Das Immunsystem hat vielfältige Aufgaben. Es soll unter anderem Krankheitserreger erkennen und bekämpfen. Läuft das Immunsystem aus dem Ruder, kann sich das Immunsystem gegen den eigenen Körper richten. Autoantikörper greifen dann körpereigene Gewebe an und können großen Schaden anrichten. Autoimmunerkrankungen können annähernd alle Gewebe und Organe betreffen, können nur einzelne Organe betreffen oder den ganzen Körper. Gemeinsam ist ihnen der chronische Verlauf und das Fehlen einer ursächlichen Therapie.
Gezielt gegen Autoantikörper
Im Kampf gegen Autoimmunerkrankungen sind die Möglichkeiten derzeit weitgehend auf die Entzündungshemmung und Immunmodulation bzw. -suppression begrenzt. Das komplexe Zusammenspiel des Immunsystems war bislang nicht ausreichend verstanden und der gezielte Angriff an den schädigenden Autoantikörpern nicht möglich. Einen neuen vielversprechenden Therapieansatz stellte ein Forscherteam um Professor Falk Nimmerjahn der Universität Erlangen-Nürnberg in Zusammenarbeit mit Wissenschaftlern der Universität Lund in Schweden vor.
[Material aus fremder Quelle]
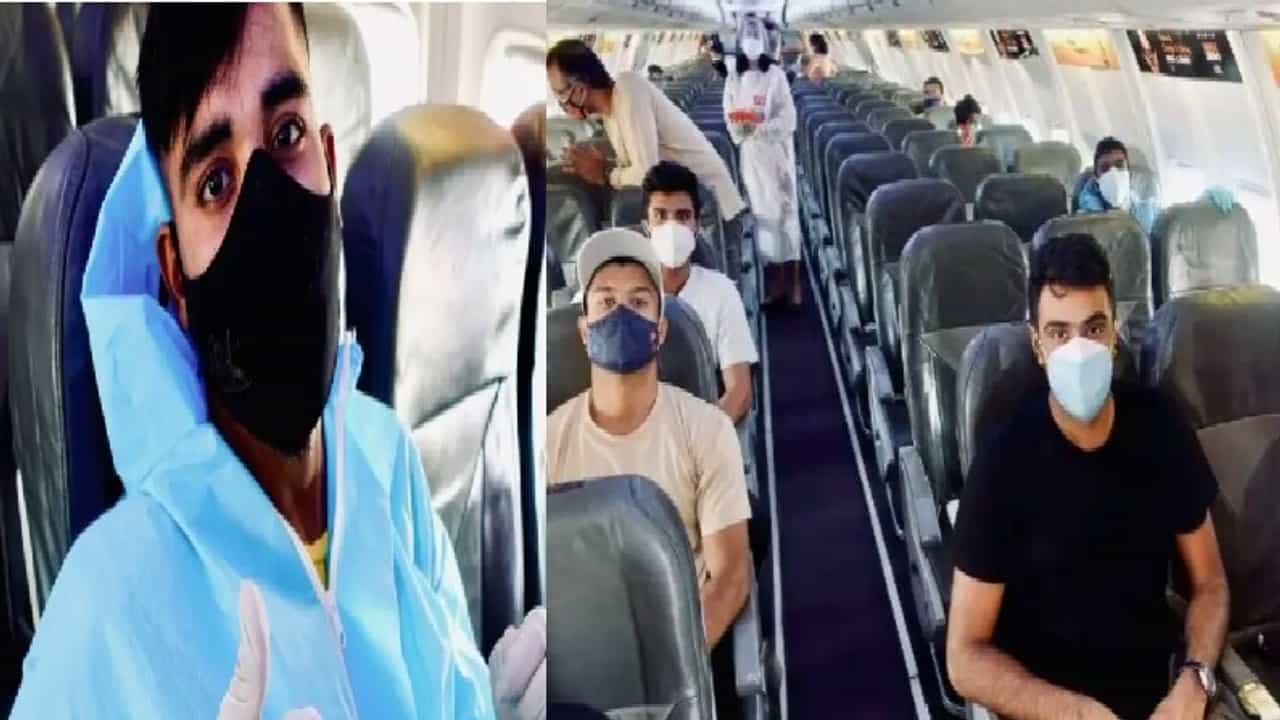 बीसीसीआयने टीम इंडियाच्या काही खेळाडूंचे विमानातले फोटो सोशल मीडियावर पोस्ट केले आहेत. या फोटोंमध्ये वॉशिंग्टन सुंदर, मयंक अग्रवाल, रविचंद्रन अश्विन, मिताली राज आणि मोहम्मद सिराज दिसत आहेत. फोटोत सिराजने पीपीई किट परिधान केलंय, ज्यामध्ये त्याला ओळखणे कठीण जात आहे.

Wie in den Proceedings of the National Academy of Sciences (PNAS 2008; doi: 10.1073/pnas.0808248105) online veröffentlicht, gelang es den Forschern, die Zuckerseitenkette von IgG-Antikörpern mithilfe eines bakteriellen Enzyms zu entfernen und so die entzündliche Aktivität von Autoantikörpern zu unterdrücken. Bei dem Enzym handelt es sich um die sogenannte Endoglykosidase S (EndoS) aus Streptococcus pyogenes, ein Erreger eitriger Entzündungen.
Zuckermolekül ist Schlüssel
Das Zuckermolekül ist neben Eiweißbausteinen entscheidend für die Wirkung von Antikörpern, so auch für die zerstörerischen Auswirkungen von Autoantikörpern. Die Entschlüsselung der Zuckerseitenkette war Nimmerjahn in Zusammenarbeit mit Forschern der Rockefeller Universität in New York bereits früher gelungen (PNAS 2007; 104: 8433-8437). Sie konnten nachweisen, dass bestimmte Zuckerreste eine Schlüsselfunktion haben und über die zerstörerische Aktivität von Autoantikörpern entscheiden. Den Einfluss von veränderten Zuckerseitenketten untersuchten die Forscher im Tierversuch. Es stellte sich heraus, dass besonders Sialinsäurereste eine Schlüsselfunktion haben. Fehlen diese Zuckerreste, können Autoantikörper ihre zerstörerische Kraft voll entfalten. Entgegen der Vermutung, dass Serumproteine für die Aktivität von Autoantikörpern verantwortlich sind, entdeckten die Forscher zudem, dass spezielle zelluläre Rezeptoren (Fc-Rezeptoren) für die schädigende Wirkung der Autoantikörper verantwortlich zu machen sind. Bereits damals zeichneten die Forscher das Bild neuer Therapiemöglichkeiten bei Autoimmunerkrankungen.
Reaktion auch an menschlichen Antikörpern
Die jetzt gelungene Entfernung der Zuckerseitenkette von Antikörpern bewirkte im Tierversuch die erfolgreiche Unterdrückung verschiedener Autoimmunerkrankungen. Injektionen des Enzyms EndoS erlaubten, IgG-assoziierte Zuckermoleküle zu entfernen. Auch in anderen Autoimmunmodellen wie auch bei menschlichen Antikörpern konnte die Seitenkette entfernt werden, und die EndoS interferierte mit proinflammatorischen Prozessen, die durch Antikörper vermittelt werden.
Nicht das ganze Immunsystem unterdrücken
Vorteil des neuen Therapieansatzes wäre, dass das Enzym ganz gezielt auf spezielle Antikörper wirkt und nicht das gesamte Immunsystem unterdrückt, wie dies bei derzeit angewendeten Behandlungsmethoden der Fall ist. Die Folge gängiger Behandlungsverfahren ist deshalb beispielsweise eine erhöhte Anfälligkeit für Infektionen. Der gezielte Angriff auf die Zuckerseitenkette gelang allerdings nicht immer gleich gut und hing von individuellen Subklassen der IgG-Antikörper ab, sodass eine Wirkung möglicherweise nicht bei allen Patienten in gleichem Ausmaß zu erwarten wäre.